▸ **TASK DESCRIPTION**
The answer must be an exact printing of every record below, with the pictures omitted.

======== THE RECORDS

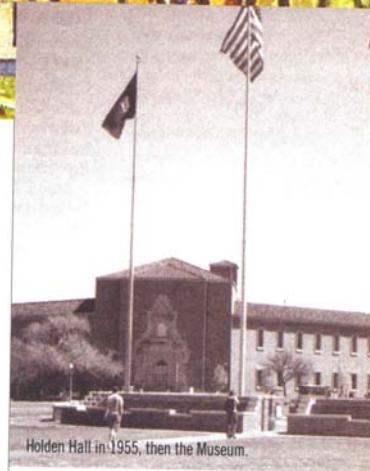
Holden Hall in 1955, then the Museum.

The college of then has grown into the university of now. The past 50 years have seen many changes for Texas Tech, but a continued commitment to higher education for the region was a component then and is now. The institution has grown into a research university, which continues to evolve. As I look back, I wonder what those involved with Texas Tech 50 years ago might have envisioned for the future. As I look forward, I wonder where Texas Tech will be 50 years from now. ■
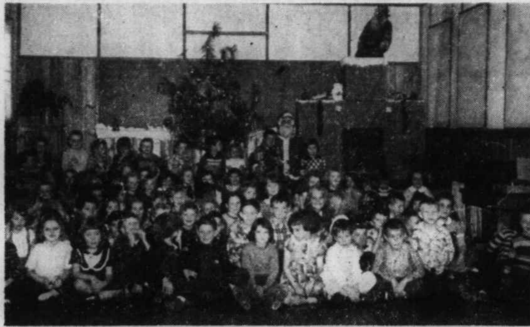
Santa Claus posed with Murphy School children before hurrying back to the North Pole to finish up on last minute Christmas plans. He visited the school Friday with treats for all the children at a party planned by the PTA.
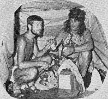
madame zsa zsa was duty forecaster
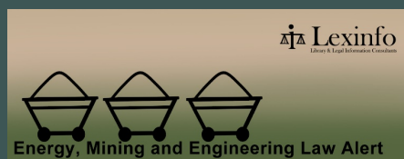
Energy, Mining and Engineering Law Alert (monthly)
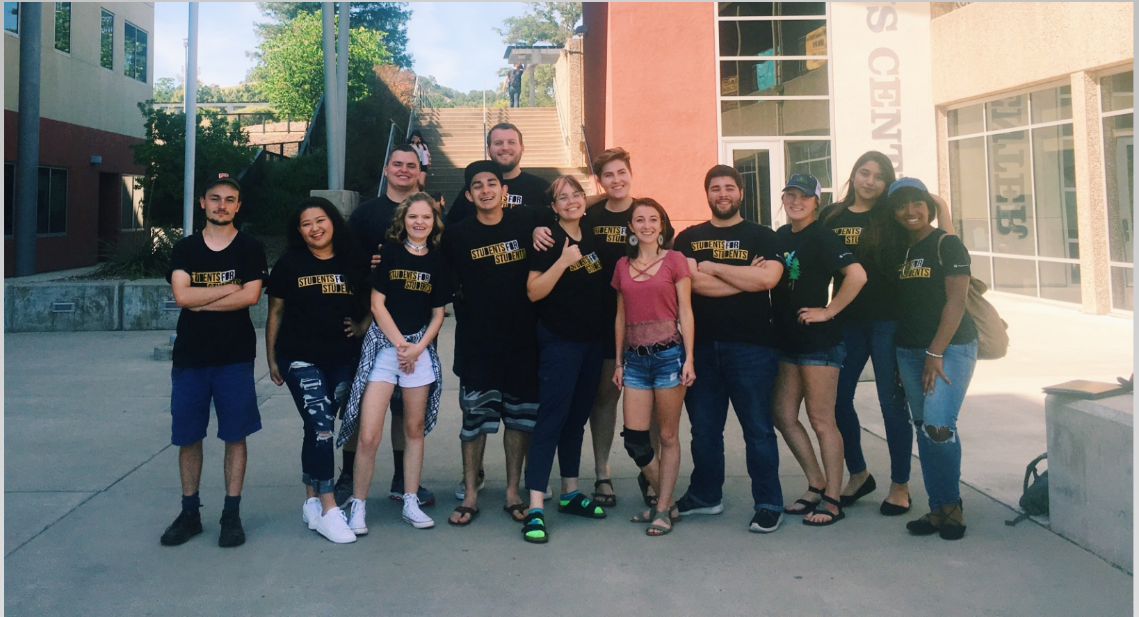
2016-2017 AS Officers

================

▸ **RESPONSE BOX**
Holden Hall in 1955, then the Museum.

The college of then has grown into the university of now. The past 50 years have seen many changes for Texas Tech, but a continued commitment to higher education for the region was a component then and is now. The institution has grown into a research university, which continues to evolve. As I look back, I wonder what those involved with Texas Tech 50 years ago might have envisioned for the future. As I look forward, I wonder where Texas Tech will be 50 years from now. ■
Santa Claus posed with Murphy School children before hurrying back to the North Pole to finish up on last minute Christmas plans. He visited the school Friday with treats for all the children at a party planned by the PTA.
madame zsa zsa was duty forecaster
Energy, Mining and Engineering Law Alert (monthly)
2016-2017 AS Officers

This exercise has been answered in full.